To aid with participation, satellite physicians were assured that subjects would be directed to return for ongoing clinical care both during and following completion of the trial, and were invited to observe study procedures.
The ability to predict which satellites would be the best performers and which would be noncontributory was a challenge for the network’s managers. Infrastructure funds for satellite staff support were crucial.
At the conclusion of the study, satellite sites proved to be a very valuable addition to the network by enrolling 33% of the subjects in the two trials.
Recruitment Action Plans
The Recruitment Committee contained at least one representative from each main and satellite site, as well as representation from the DCC and NHLBI, and held monthly teleconferences. Each site representative was responsible for developing and implementing a site-specific recruitment action plan, including monthly and quarterly recruitment goals for each protocol, implementation plans to combat barriers to recruitment, and outreach opportunities to initiate in the community.
DVD and Brochure
A professional medical graphic company produced an educational DVD consisting of three modules scripted from the protocol and informed consent form.
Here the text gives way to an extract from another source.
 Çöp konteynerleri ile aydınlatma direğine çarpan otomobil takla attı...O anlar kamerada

The coordinators designed the modules to be teaching tools for patients and families about normal functioning of the heart, why AMIs occur, potential chronic heart changes, and details regarding participation in the CCTRN studies. The DVD was also effective at teaching floor nurses, cardiology fellows, and community groups about the studies.
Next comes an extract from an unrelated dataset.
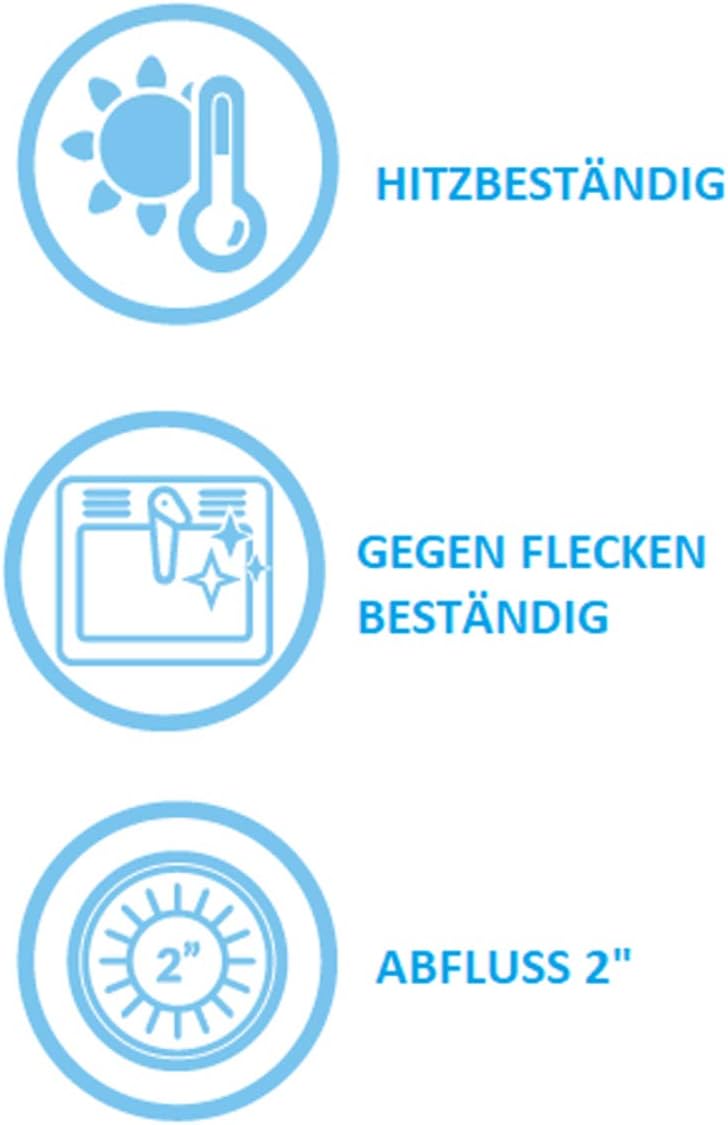 • ✅ Rostfreier Edelstahl 18/10 Satinstruktur (kratzunempfindlicher). Es ist ein zeitloses. elegantes und sehr langlebiges Material, welches auch von den Profis gerne verwendet wird. Eine passende Ablaufgarnitur gehört mit zum Lieferumfang.

DVD players were provided to each clinical center so that coordinators could show the DVD to patients during the consenting process and leave it at the bedside to educate family and friends. DVDs were also available for the patient to take home. Additionally, a four-color, tri-fold brochure was developed to provide similar information in a different format using information consistent with the DVD.
From creation to site distribution, the DVD and brochure production process took approximately six months, with final approval at all sites by May 2010.
Online Presence
The CCTRN’s Internet presence was strengthened so that potential participants and healthcare providers could easily find information about the CCTRN studies online in several different venues.
Results
A general description of the data is provided using frequency counts and percentages. Statistical testing was conducted in order to assess whether demographic subgroups (e.g., women) were over or underrepresented in consented or randomized populations.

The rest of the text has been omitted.